I1017 03:56:46.131771       1 nodeadmconfig_controller.go:246] "Generating nodeadm userdata" controller="nodeadmconfig" controllerGroup="bootstrap.cluster.x-k8s.io" controllerKind="NodeadmConfig" NodeadmConfig="default/shalin-eks-md-0-pcw8g-5lpp7-pjrsc" namespace="default" name="shalin-eks-md-0-pcw8g-5lpp7-pjrsc" reconcileID="bdaa88ab-43df-42d0-b784-51bc2c133641" cluster="default_shalin-eks-7mf7c" endpoint=""
I1017 03:57:27.093679       1 nodeadmconfig_controller.go:246] "Generating nodeadm userdata" controller="nodeadmconfig" controllerGroup="bootstrap.cluster.x-k8s.io" controllerKind="NodeadmConfig" NodeadmConfig="default/shalin-eks-md-0-pcw8g-5lpp7-pjrsc" namespace="default" name="shalin-eks-md-0-pcw8g-5lpp7-pjrsc" reconcileID="50ce47ca-5bd8-4d5b-a166-dcb030b4628a" cluster="default_shalin-eks-7mf7c" endpoint="https://7BFB78C8C07464C26D46F5400168ED72.gr7.us-west-2.eks.amazonaws.com"
I1017 03:57:27.113737       1 nodeadmconfig_controller.go:246] "Generating nodeadm userdata" controller="nodeadmconfig" controllerGroup="bootstrap.cluster.x-k8s.io" controllerKind="NodeadmConfig" NodeadmConfig="default/shalin-eks-md-0-pcw8g-5lpp7-pjrsc" namespace="default" name="shalin-eks-md-0-pcw8g-5lpp7-pjrsc" reconcileID="fd37b849-0909-49f1-83d1-3fdfb1d24a84" cluster="default_shalin-eks-7mf7c" endpoint="https://7BFB78C8C07464C26D46F5400168ED72.gr7.us-west-2.eks.amazonaws.com"
I1017 03:57:28.762807       1 nodeadmconfig_controller.go:246] "Generating nodeadm userdata" controller="nodeadmconfig" controllerGroup="bootstrap.cluster.x-k8s.io" controllerKind="NodeadmConfig" NodeadmConfig="default/shalin-eks-test-cnaos-dedicated-8gb2t-t6646-lp5km" namespace="default" name="shalin-eks-test-cnaos-dedicated-8gb2t-t6646-lp5km" reconcileID="aedc3cca-cf31-41e7-9559-d67c4b202e34" cluster="default_shalin-eks-7mf7c" endpoint=""
I1017 03:58:37.484125       1 nodeadmconfig_controller.go:246] "Generating nodeadm userdata" controller="nodeadmconfig" controllerGroup="bootstrap.cluster.x-k8s.io" controllerKind="NodeadmConfig" NodeadmConfig="default/shalin-eks-test-cnaos-dedicated-8gb2t-t6646-lp5km" namespace="default" name="shalin-eks-test-cnaos-dedicated-8gb2t-t6646-lp5km" reconcileID="90bd7d4a-26e7-4c0e-94ad-680ae20094e5" cluster="default_shalin-eks-7mf7c" endpoint=""

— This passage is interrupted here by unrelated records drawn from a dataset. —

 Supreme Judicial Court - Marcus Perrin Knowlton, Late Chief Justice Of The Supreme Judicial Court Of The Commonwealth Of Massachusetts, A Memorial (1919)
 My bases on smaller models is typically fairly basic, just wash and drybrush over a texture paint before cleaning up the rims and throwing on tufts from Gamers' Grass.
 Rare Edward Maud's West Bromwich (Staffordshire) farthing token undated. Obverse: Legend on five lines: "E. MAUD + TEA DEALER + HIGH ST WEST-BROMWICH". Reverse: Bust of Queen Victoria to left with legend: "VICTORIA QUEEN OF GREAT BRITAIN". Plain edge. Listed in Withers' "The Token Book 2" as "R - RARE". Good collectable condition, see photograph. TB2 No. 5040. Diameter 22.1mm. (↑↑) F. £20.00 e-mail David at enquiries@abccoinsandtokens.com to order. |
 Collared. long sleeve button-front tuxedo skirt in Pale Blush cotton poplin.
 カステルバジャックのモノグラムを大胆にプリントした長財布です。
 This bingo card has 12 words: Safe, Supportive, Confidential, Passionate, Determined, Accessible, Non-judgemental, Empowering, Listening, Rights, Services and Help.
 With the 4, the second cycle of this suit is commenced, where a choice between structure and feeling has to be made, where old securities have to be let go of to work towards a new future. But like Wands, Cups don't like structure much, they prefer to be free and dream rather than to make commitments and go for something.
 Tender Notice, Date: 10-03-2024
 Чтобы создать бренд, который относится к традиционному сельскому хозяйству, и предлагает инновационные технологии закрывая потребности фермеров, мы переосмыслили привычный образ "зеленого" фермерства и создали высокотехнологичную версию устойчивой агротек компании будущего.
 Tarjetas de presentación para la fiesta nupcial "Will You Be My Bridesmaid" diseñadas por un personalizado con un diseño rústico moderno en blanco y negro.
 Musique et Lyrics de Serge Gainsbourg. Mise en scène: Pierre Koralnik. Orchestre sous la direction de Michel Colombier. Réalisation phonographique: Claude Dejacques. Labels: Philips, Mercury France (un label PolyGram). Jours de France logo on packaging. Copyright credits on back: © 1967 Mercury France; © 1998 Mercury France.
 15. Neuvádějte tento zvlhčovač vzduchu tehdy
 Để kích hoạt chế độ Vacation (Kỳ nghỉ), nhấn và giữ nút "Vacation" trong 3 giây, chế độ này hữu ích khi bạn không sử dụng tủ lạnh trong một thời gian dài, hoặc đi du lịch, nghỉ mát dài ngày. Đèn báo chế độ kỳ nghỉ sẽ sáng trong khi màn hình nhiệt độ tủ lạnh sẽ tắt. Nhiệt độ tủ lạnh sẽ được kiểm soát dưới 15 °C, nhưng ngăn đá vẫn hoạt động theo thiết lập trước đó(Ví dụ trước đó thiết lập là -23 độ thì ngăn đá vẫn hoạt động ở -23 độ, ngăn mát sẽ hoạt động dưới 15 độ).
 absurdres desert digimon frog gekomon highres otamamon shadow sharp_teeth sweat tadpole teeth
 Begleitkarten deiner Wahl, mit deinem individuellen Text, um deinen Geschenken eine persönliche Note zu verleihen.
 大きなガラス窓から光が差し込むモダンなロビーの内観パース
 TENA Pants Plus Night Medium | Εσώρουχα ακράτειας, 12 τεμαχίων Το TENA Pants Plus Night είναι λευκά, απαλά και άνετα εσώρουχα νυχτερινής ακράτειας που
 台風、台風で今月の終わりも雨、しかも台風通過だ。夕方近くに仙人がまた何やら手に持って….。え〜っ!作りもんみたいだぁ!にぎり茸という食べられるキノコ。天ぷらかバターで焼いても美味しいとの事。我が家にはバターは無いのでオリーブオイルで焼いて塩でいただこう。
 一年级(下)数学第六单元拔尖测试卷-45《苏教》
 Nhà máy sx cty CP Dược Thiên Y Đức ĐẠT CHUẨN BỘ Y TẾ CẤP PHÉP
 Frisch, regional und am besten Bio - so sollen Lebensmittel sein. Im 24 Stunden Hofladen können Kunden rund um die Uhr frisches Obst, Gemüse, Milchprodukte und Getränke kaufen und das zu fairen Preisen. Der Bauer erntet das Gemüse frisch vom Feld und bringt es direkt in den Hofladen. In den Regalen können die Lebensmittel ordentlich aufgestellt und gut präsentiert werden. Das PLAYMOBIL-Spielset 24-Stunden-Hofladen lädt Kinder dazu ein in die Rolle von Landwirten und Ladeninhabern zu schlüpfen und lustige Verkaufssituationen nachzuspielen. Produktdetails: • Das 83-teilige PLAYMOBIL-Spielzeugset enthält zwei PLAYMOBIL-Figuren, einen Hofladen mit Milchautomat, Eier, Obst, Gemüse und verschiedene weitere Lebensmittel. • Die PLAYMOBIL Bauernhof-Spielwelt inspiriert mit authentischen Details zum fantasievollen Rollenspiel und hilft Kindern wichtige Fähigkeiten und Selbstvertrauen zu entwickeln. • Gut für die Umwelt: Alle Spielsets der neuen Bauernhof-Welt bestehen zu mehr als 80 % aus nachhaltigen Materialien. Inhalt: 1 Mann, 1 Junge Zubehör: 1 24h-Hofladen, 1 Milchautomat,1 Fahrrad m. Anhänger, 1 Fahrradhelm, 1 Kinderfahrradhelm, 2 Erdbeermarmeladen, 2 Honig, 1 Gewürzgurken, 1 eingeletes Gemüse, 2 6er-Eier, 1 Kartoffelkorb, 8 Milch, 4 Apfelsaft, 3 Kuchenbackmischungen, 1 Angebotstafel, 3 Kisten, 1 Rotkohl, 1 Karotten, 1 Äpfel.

This PR fetches the ControlPlaneEndpoint from Cluster object where it always present.

Which issue(s) this PR fixes (optional, in fixes #<issue number>(, fixes #<issue_number>, ...) format, will close the issue(s) when PR gets merged):
Fixes #

Special notes for your reviewer:

We still need to investigate what resets the controlplaneendpoint.host in awsmanagedclusters. This can be fixed with separate PR.

Checklist:

  • squashed commits
  • includes documentation
  • includes emoji in title
  • adds unit tests
  • adds or updates e2e tests

Release note:


@supershal supershal changed the title fix: retrieve controlplane host from Cluster object 🐛 fix: retrieve controlplane host from Cluster object Oct 21, 2025
Copy link
Collaborator

@dkoshkin dkoshkin left a comment

Choose a reason for hiding this comment

The reason will be displayed to describe this comment to others. Learn more.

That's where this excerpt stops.